Avoid Insurance Problems Early with Joint Committees
Avoid insurance problems early with joint committees
The usual strategy of “negotiated tradeoffs” isn’t the best way to plan health care benefits these days, especially when everyone should agree to share the burden of rising costs.
More boards and unions are getting their heads together another way, through Labor-Management Insurance Committees. A committee dedicated to insurance can take the time to really understand and explore the complexities. They can get the best buy and the buy-in from the union.
“Insurance committees create trusting relationships and better communication with employees from the beginning,” says Brett Yancy, Budget and Finance Director for Springfield SD. “You also end up doing what’s best for your employees, avoiding rumors and educating employees about how they impact costs.”

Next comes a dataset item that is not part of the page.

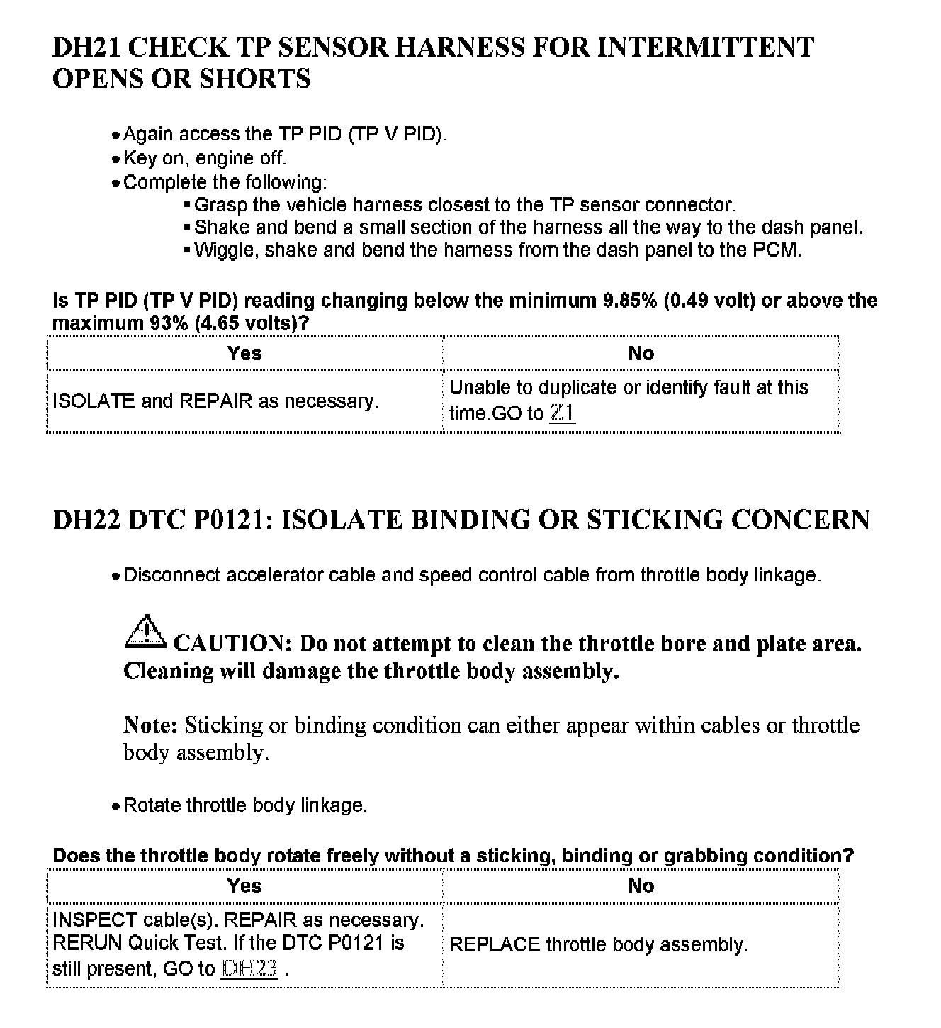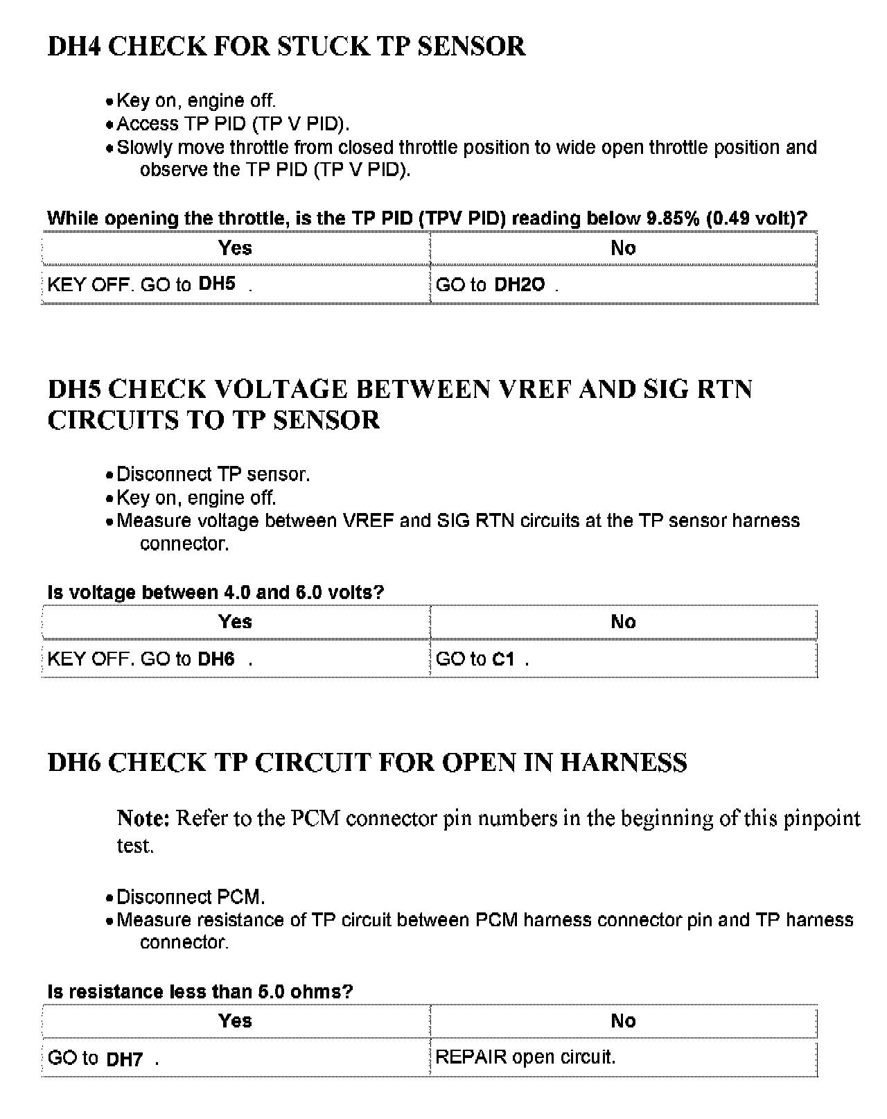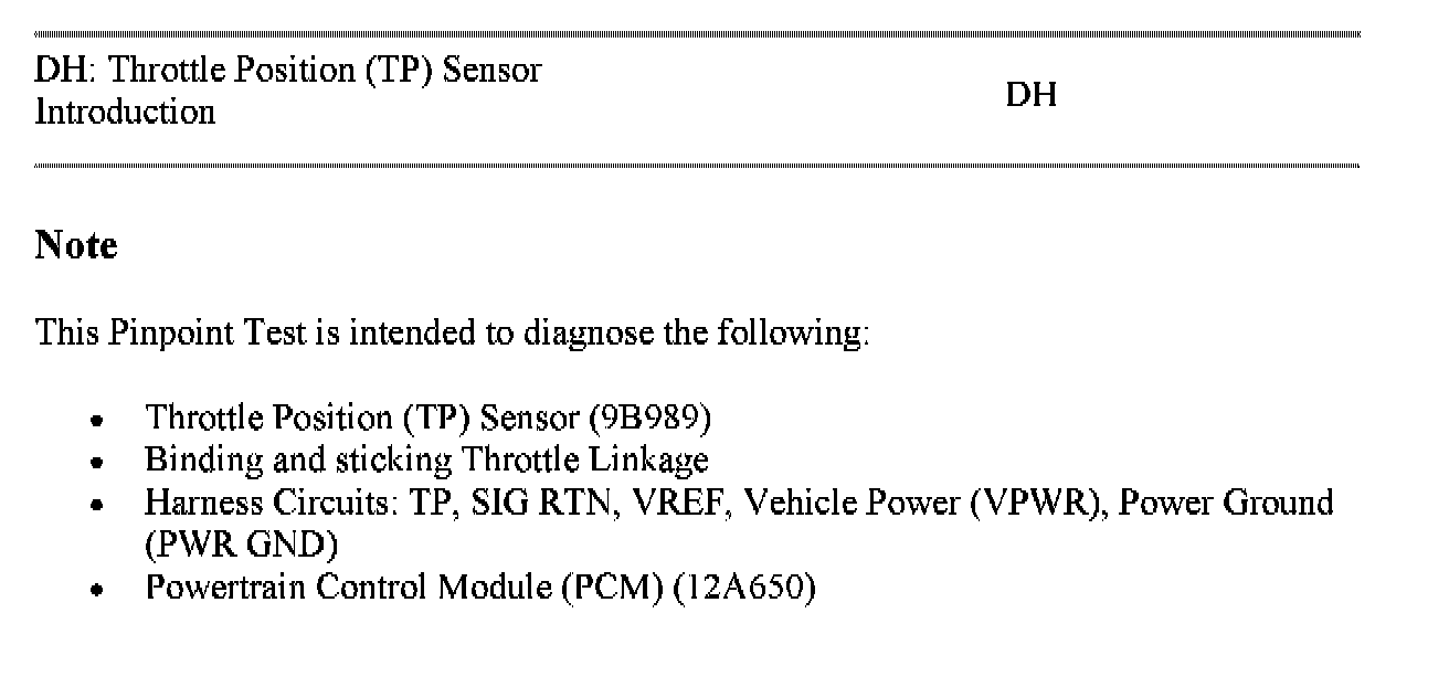 Tests DH: Throttle Position (TP) Sensor

Springfield’s insurance committee does the hard work – creating plan designs and recommending carriers – so all the board and union need to do is bargain how much premium (cap) the district pays. “We can avoid rumors like ‘the district increased our premium’ by sharing how claims experience actually increased the premium.”
Labor-Management Insurance Committees are created through your union contract. Composition, structure, participants and purpose are determined through negotiations.

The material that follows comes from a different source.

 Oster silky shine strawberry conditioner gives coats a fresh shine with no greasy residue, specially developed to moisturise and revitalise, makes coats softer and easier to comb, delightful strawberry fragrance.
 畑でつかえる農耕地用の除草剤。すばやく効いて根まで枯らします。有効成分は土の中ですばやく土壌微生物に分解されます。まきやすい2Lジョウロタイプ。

Among the major considerations:
Each party should appoint an equal number of members.
The committee’s charge should be stated in clear, unequivocal language. Clearly state committee authority, e.g., to “make recommendations, publish a report, make operational decisions.”

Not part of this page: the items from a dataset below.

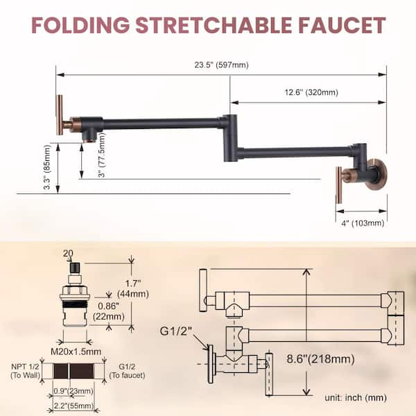 Wall Mounted Pot Filler 2-Handles Kitchen Faucet with 360° Spout Swivel in Rose Gold and Black
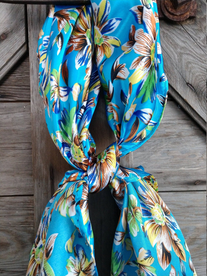 Bright Blue Wild Daisy Floral Print Cowboy Silk Charmeuse Wild Rag Western Neck Scarf Bandanna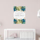 Turquoise - teal and gold shabby-chic flowers bridal shower welcome poster with accents of ivory white.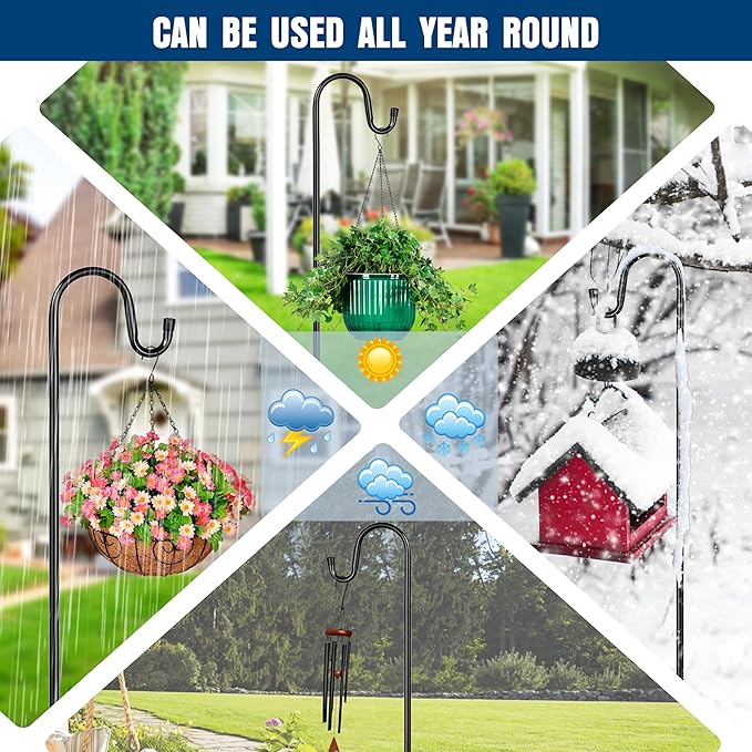 - 【Upgraded in Stability & 5 Base Prongs】Compared to other similar hooks in the market, our heavy duty shepherds hooks have upgraded with 4 extra long and double-forked base prongs to be total 5 prongs which makes it the strongest garden hook in the market and maintain a fixed, upright posture while remaining firmly planted in the ground without easily falling down.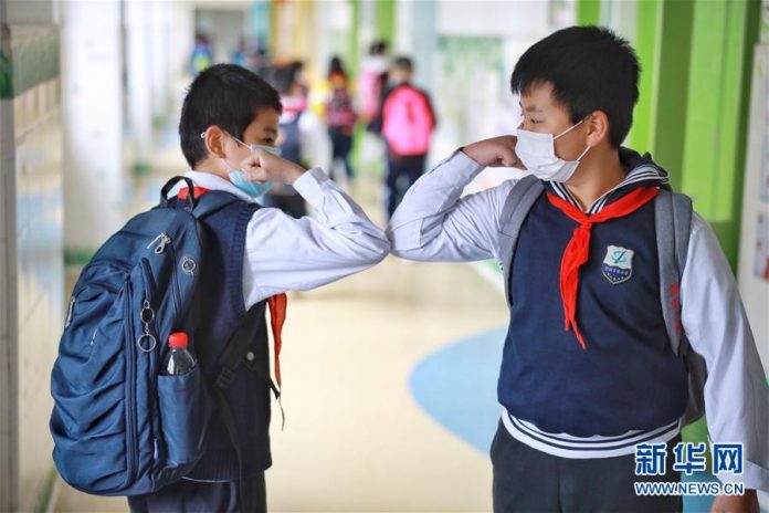 贵州贵阳一小学复课后,两名学生用“碰肘”的方式打招呼。新华社 刘续 摄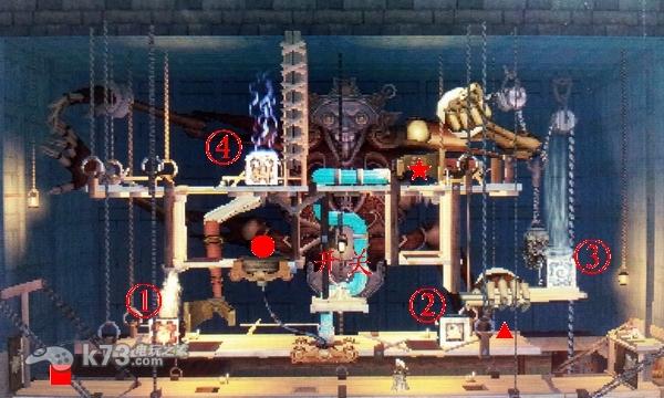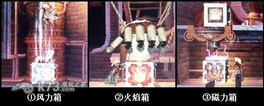 (1)①为火焰箱,②与④为配套的磁力箱,③为风力箱,中央为提线偶人的开关。第一步,操作开关将②挪开,将①拖动至▲位置,火焰会将巨手融化,使③掉落至地面;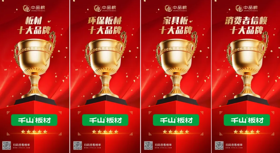 2025年4月,歷時三個多月的第十屆“中品榜”優品甄選活動圓滿落幕,板材大品牌榜單正式揭曉!千山板材憑借卓越產品力和強大市場表現力,再次成為行業焦點,斬獲四項重量級大獎:“板材十大品牌”、“環保板材十大品牌”、“家具板十大品牌”、“消費者信賴十大品牌”。自創立起,千山專注于家居板材領域,匠心精研,成績斐然,是時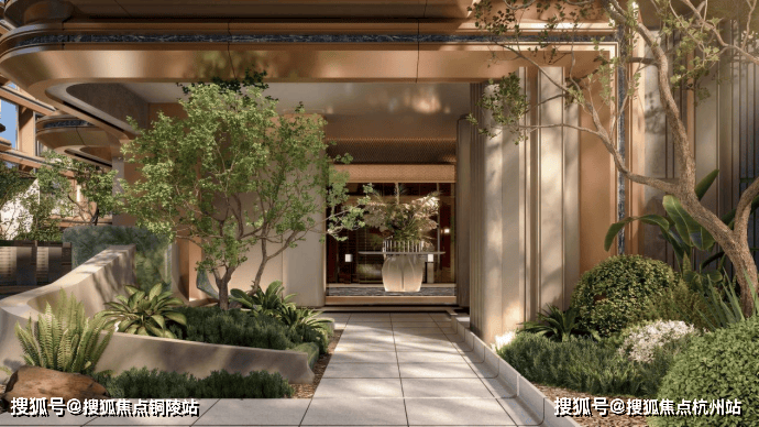 项目还规划了下沉式庭院,搭配叠水、绿植,形成立体景观。在滨江这种地段,愿意把土地拿出来做景观,本身就是一个态度。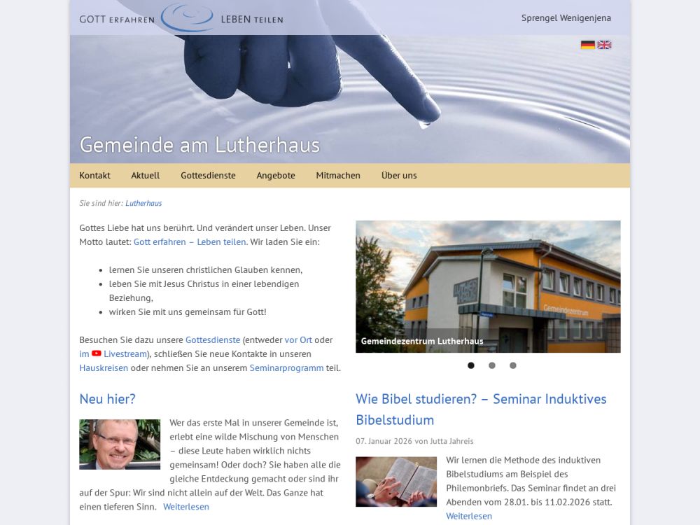 Gottes Liebe hat uns berührt. Und verändert unser Leben. Unser Motto lautet: Gott erfahren - Leben teilen.Das Lutherhaus ist eine offene, bunte und familienfreundliche Gemeinde im Zentrum von Jena mit einem breiten Spektrum von Leuten, moderner Musik und einem gut ausgebauten Kinderprogramm. Sonntagabends zum Aufwind-Gottesdienst kommen überwiegend Studenten und junge Erwachsene.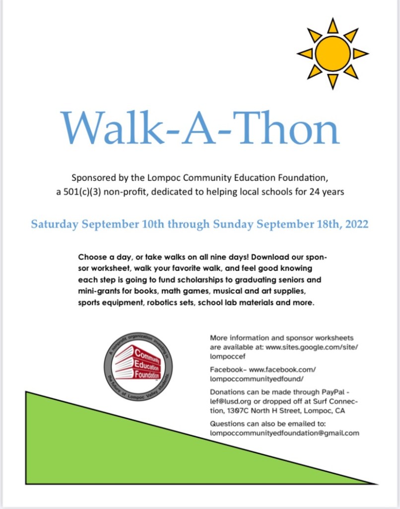 The Lompoc Community Education Foundation is holding a Walk-A-Thon fundraiser that starts TODAY to fund scholarships for seniors and mini-grants for teachers in our local schools. What a great way to get some exercise and support a good cause in the process!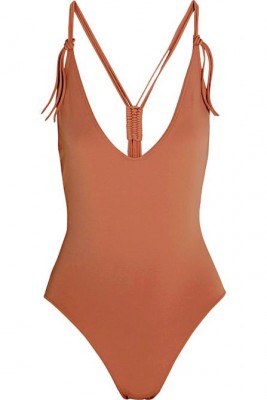 Ткани легкие, дышащие, среди моделей есть остроактуальные высокие трусики в бандажном стиле, высоту которых можно регулировать, ретро-бюстгальтеры, плавки-бикини на тонких завязках, бюсты с треугольными чашками и цельные купальники с лифами-бандо. Во всем этом прослеживается спортивная эстетика 1930‑х: некоторые купальники отчетливо напоминают модели, которые носили гимнастки той эпохи.

Stating specific procedures is directly related to the committee’s power. Advisory committees are usually able to agree internally on how the group functions; but if committees make decisions, this process is specified in the contract, e.g, “All committee decisions shall be by a majority vote of a quorum of the voting members appointed to the committee.”
Define the committee’s chair. Co-chairs (labor/management) are common.
The most common purpose of an insurance committee is to explore and recommend various insurance carriers and plans to get the best buy. They can also review quarterly reports on how members are using benefits to track trends; explore self-insurance and research member needs and opinions, and act as a “sounding board” for employee ideas.